Assignment.
The material must be copied out exactly, line for line.

Supplied data.
---
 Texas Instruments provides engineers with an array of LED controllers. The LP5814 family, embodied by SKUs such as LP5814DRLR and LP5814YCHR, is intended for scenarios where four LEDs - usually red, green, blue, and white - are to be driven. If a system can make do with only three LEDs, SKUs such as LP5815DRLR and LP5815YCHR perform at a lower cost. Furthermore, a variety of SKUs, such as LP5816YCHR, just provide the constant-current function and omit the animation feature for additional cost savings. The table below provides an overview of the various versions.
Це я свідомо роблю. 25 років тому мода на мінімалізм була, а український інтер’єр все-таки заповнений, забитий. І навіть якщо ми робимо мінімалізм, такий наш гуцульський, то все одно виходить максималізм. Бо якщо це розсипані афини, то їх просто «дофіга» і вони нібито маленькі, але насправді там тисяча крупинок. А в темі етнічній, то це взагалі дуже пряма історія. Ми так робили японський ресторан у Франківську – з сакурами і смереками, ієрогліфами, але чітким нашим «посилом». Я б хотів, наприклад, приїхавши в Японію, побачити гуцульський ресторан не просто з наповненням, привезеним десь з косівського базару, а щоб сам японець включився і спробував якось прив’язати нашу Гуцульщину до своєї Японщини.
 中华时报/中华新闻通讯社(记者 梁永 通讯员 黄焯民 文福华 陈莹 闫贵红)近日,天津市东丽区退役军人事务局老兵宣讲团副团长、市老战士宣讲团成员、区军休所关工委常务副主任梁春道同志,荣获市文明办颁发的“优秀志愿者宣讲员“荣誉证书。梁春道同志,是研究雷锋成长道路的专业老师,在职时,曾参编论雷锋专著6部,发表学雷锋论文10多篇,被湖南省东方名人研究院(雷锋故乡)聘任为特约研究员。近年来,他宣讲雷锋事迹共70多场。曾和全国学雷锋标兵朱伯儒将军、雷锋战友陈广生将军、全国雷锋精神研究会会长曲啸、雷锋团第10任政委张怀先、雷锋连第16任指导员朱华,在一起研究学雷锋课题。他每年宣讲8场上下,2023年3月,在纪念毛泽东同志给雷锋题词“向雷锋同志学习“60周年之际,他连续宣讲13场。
---
Result of the exercise.
 Texas Instruments provides engineers with an array of LED controllers. The LP5814 family, embodied by SKUs such as LP5814DRLR and LP5814YCHR, is intended for scenarios where four LEDs - usually red, green, blue, and white - are to be driven. If a system can make do with only three LEDs, SKUs such as LP5815DRLR and LP5815YCHR perform at a lower cost. Furthermore, a variety of SKUs, such as LP5816YCHR, just provide the constant-current function and omit the animation feature for additional cost savings. The table below provides an overview of the various versions.
Це я свідомо роблю. 25 років тому мода на мінімалізм була, а український інтер’єр все-таки заповнений, забитий. І навіть якщо ми робимо мінімалізм, такий наш гуцульський, то все одно виходить максималізм. Бо якщо це розсипані афини, то їх просто «дофіга» і вони нібито маленькі, але насправді там тисяча крупинок. А в темі етнічній, то це взагалі дуже пряма історія. Ми так робили японський ресторан у Франківську – з сакурами і смереками, ієрогліфами, але чітким нашим «посилом». Я б хотів, наприклад, приїхавши в Японію, побачити гуцульський ресторан не просто з наповненням, привезеним десь з косівського базару, а щоб сам японець включився і спробував якось прив’язати нашу Гуцульщину до своєї Японщини.
 中华时报/中华新闻通讯社(记者 梁永 通讯员 黄焯民 文福华 陈莹 闫贵红)近日,天津市东丽区退役军人事务局老兵宣讲团副团长、市老战士宣讲团成员、区军休所关工委常务副主任梁春道同志,荣获市文明办颁发的“优秀志愿者宣讲员“荣誉证书。梁春道同志,是研究雷锋成长道路的专业老师,在职时,曾参编论雷锋专著6部,发表学雷锋论文10多篇,被湖南省东方名人研究院(雷锋故乡)聘任为特约研究员。近年来,他宣讲雷锋事迹共70多场。曾和全国学雷锋标兵朱伯儒将军、雷锋战友陈广生将军、全国雷锋精神研究会会长曲啸、雷锋团第10任政委张怀先、雷锋连第16任指导员朱华,在一起研究学雷锋课题。他每年宣讲8场上下,2023年3月,在纪念毛泽东同志给雷锋题词“向雷锋同志学习“60周年之际,他连续宣讲13场。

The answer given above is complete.